(Beginning of Available records)

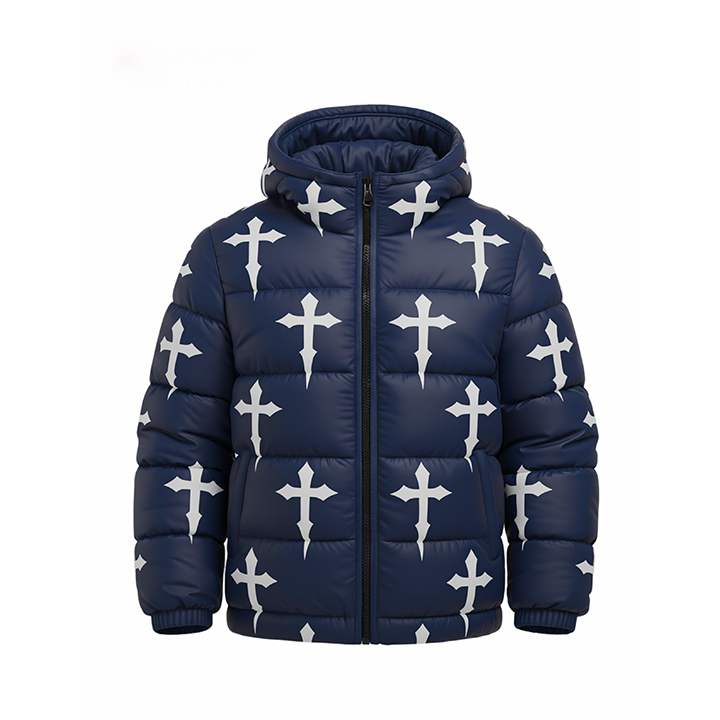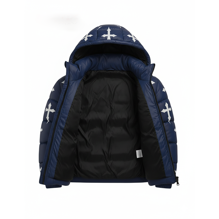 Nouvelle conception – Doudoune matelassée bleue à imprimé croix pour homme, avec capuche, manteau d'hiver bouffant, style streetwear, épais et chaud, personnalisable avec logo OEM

(End of Available records)
(Beginning of Available records)

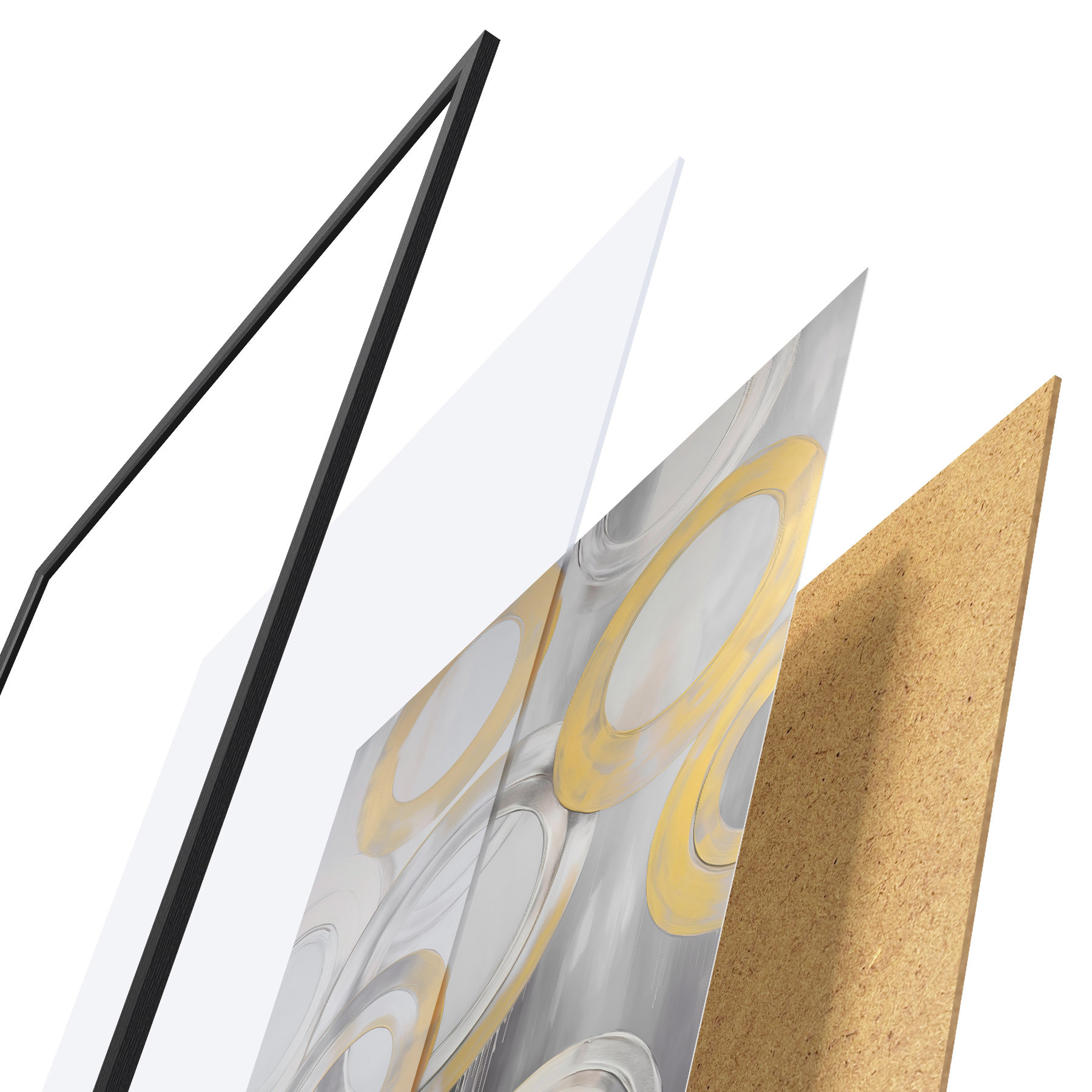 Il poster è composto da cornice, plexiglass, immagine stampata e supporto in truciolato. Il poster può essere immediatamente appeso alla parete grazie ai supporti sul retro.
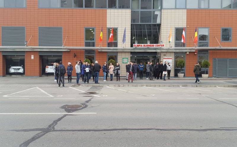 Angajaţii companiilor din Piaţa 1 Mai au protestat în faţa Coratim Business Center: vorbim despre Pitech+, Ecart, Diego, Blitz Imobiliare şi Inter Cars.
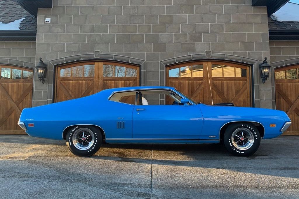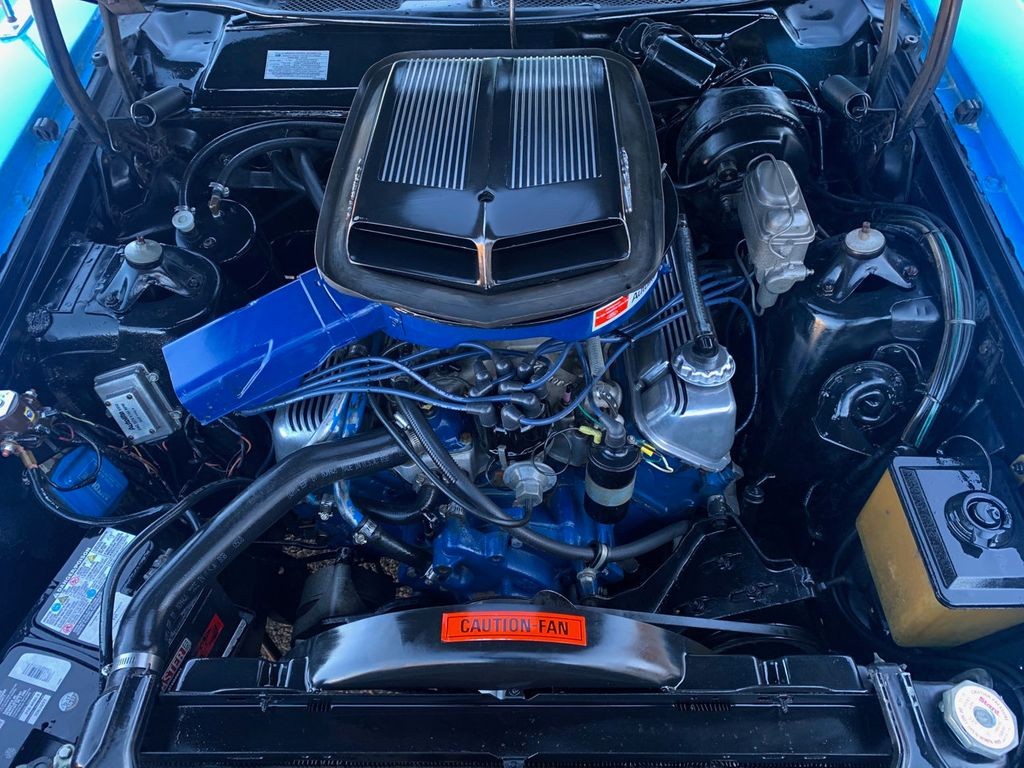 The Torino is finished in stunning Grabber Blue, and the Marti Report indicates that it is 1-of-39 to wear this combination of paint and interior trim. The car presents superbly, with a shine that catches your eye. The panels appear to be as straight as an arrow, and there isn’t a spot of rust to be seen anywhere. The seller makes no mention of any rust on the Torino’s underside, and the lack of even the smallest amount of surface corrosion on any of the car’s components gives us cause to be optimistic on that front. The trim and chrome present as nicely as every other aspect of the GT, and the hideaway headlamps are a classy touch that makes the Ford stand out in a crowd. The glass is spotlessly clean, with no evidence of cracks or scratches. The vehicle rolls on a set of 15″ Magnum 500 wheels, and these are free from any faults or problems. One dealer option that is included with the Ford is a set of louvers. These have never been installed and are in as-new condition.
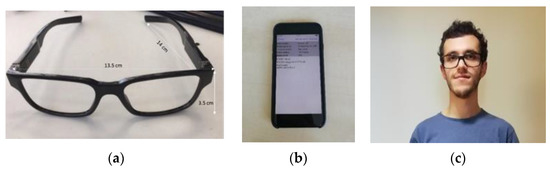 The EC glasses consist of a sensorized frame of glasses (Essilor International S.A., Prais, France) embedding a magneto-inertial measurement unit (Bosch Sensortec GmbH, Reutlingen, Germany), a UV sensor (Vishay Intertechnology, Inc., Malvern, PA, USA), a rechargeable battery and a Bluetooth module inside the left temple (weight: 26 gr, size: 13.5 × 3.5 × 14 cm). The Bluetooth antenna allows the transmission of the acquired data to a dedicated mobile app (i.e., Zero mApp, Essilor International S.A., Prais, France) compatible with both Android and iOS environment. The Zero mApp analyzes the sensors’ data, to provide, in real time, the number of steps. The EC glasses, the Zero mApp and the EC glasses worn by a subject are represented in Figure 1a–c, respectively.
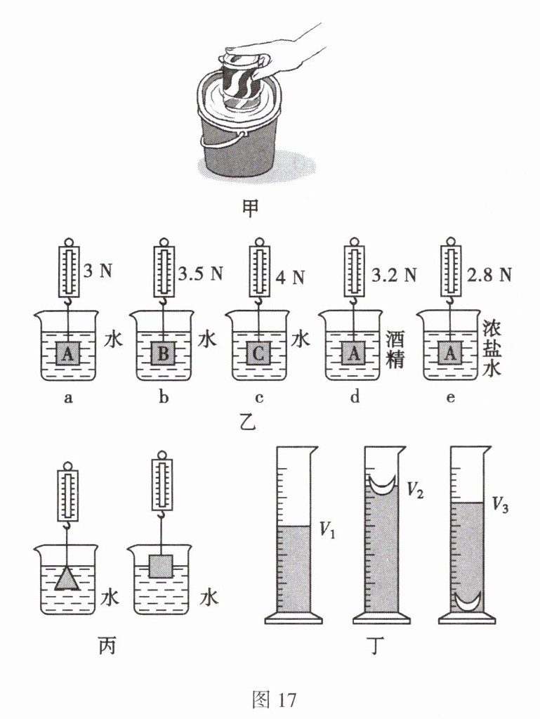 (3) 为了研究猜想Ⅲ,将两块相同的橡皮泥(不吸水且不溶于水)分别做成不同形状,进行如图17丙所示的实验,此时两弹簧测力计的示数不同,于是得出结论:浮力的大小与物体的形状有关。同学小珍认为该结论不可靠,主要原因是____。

(End of Available records)
(Beginning of Available records)

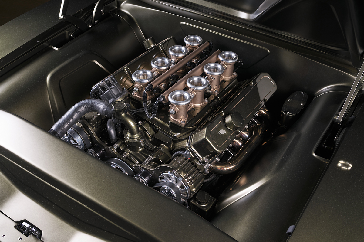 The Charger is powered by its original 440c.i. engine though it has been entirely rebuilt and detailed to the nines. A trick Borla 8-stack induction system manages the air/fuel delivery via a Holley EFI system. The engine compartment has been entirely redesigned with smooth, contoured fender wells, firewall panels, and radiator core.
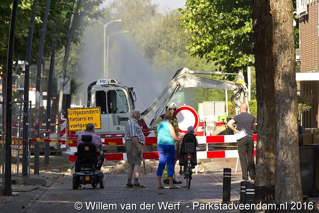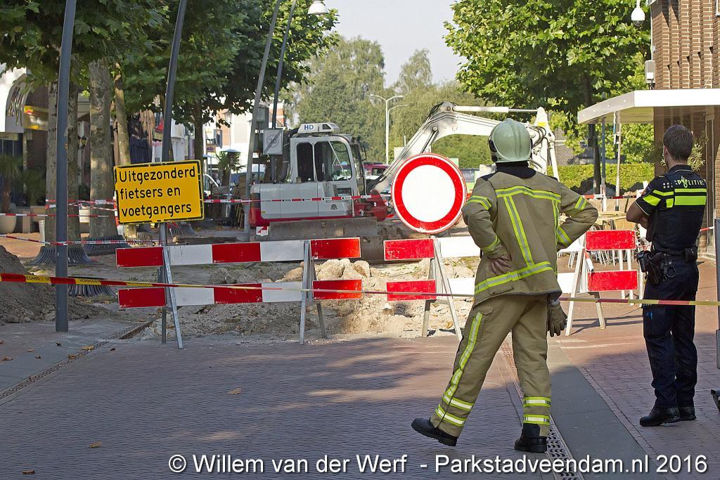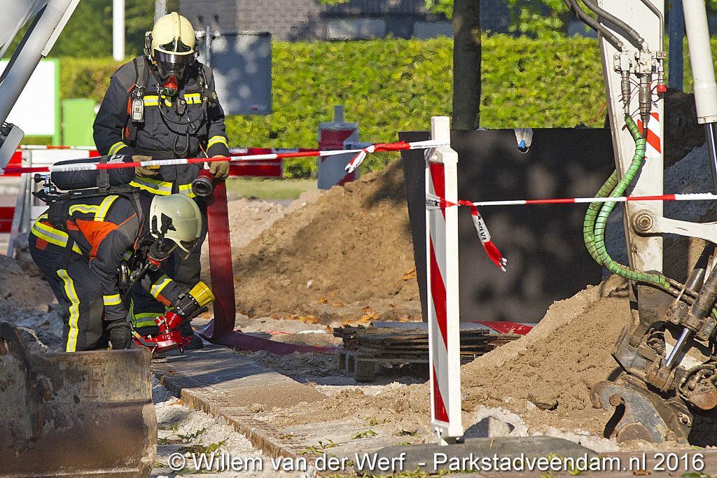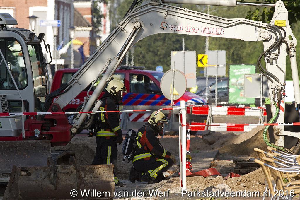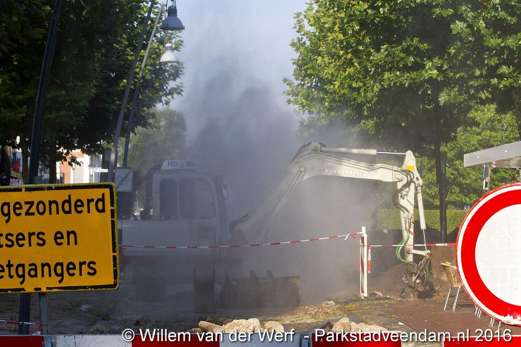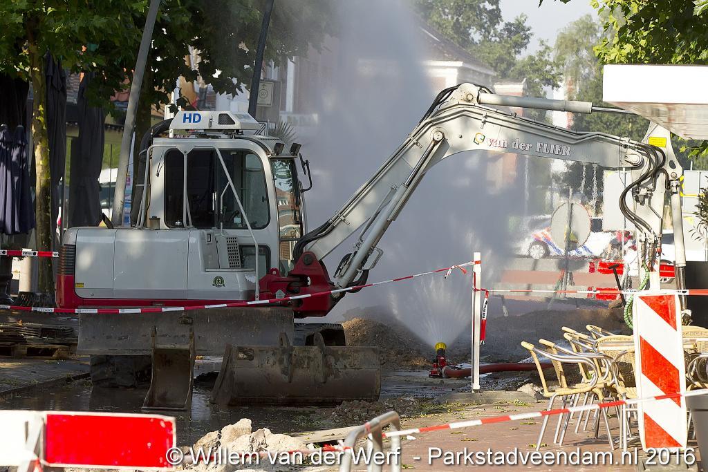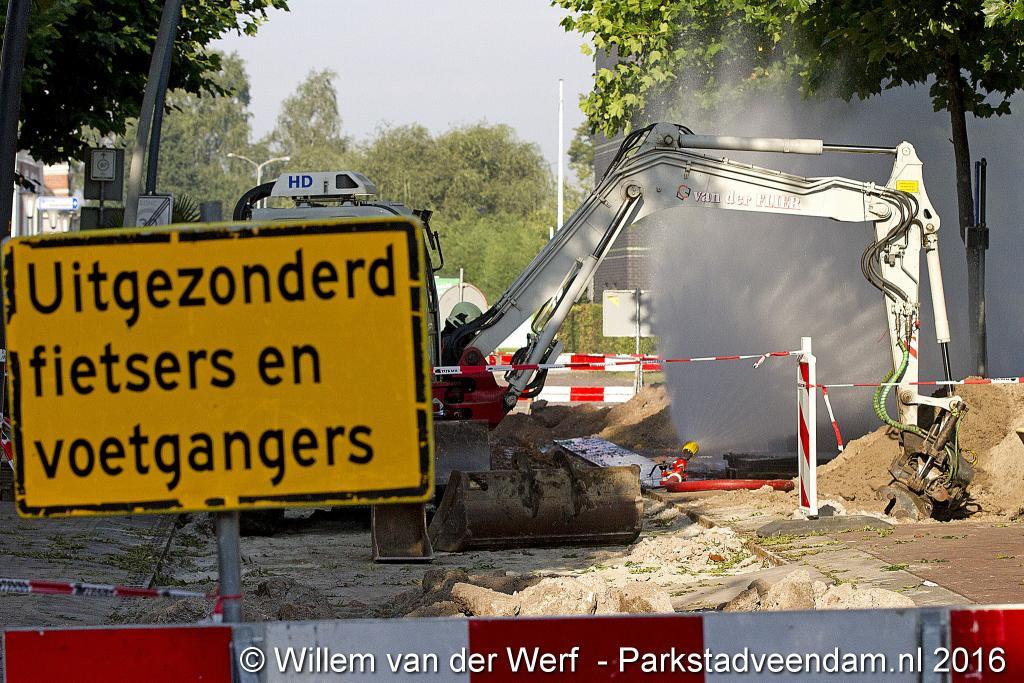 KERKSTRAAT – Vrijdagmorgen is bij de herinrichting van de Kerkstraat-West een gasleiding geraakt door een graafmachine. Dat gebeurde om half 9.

(End of Available records)

**What is needed:** For this exercise, transcribe exactly the part of the records above that opens with the line containing "Angajaţii companiilor din" and closes with the one containing "The Torino is". Pictures are not part of the copy.

**Output of the exercise:**
 Angajaţii companiilor din Piaţa 1 Mai au protestat în faţa Coratim Business Center: vorbim despre Pitech+, Ecart, Diego, Blitz Imobiliare şi Inter Cars.
 The Torino is finished in stunning Grabber Blue, and the Marti Report indicates that it is 1-of-39 to wear this combination of paint and interior trim. The car presents superbly, with a shine that catches your eye. The panels appear to be as straight as an arrow, and there isn’t a spot of rust to be seen anywhere. The seller makes no mention of any rust on the Torino’s underside, and the lack of even the smallest amount of surface corrosion on any of the car’s components gives us cause to be optimistic on that front. The trim and chrome present as nicely as every other aspect of the GT, and the hideaway headlamps are a classy touch that makes the Ford stand out in a crowd. The glass is spotlessly clean, with no evidence of cracks or scratches. The vehicle rolls on a set of 15″ Magnum 500 wheels, and these are free from any faults or problems. One dealer option that is included with the Ford is a set of louvers. These have never been installed and are in as-new condition.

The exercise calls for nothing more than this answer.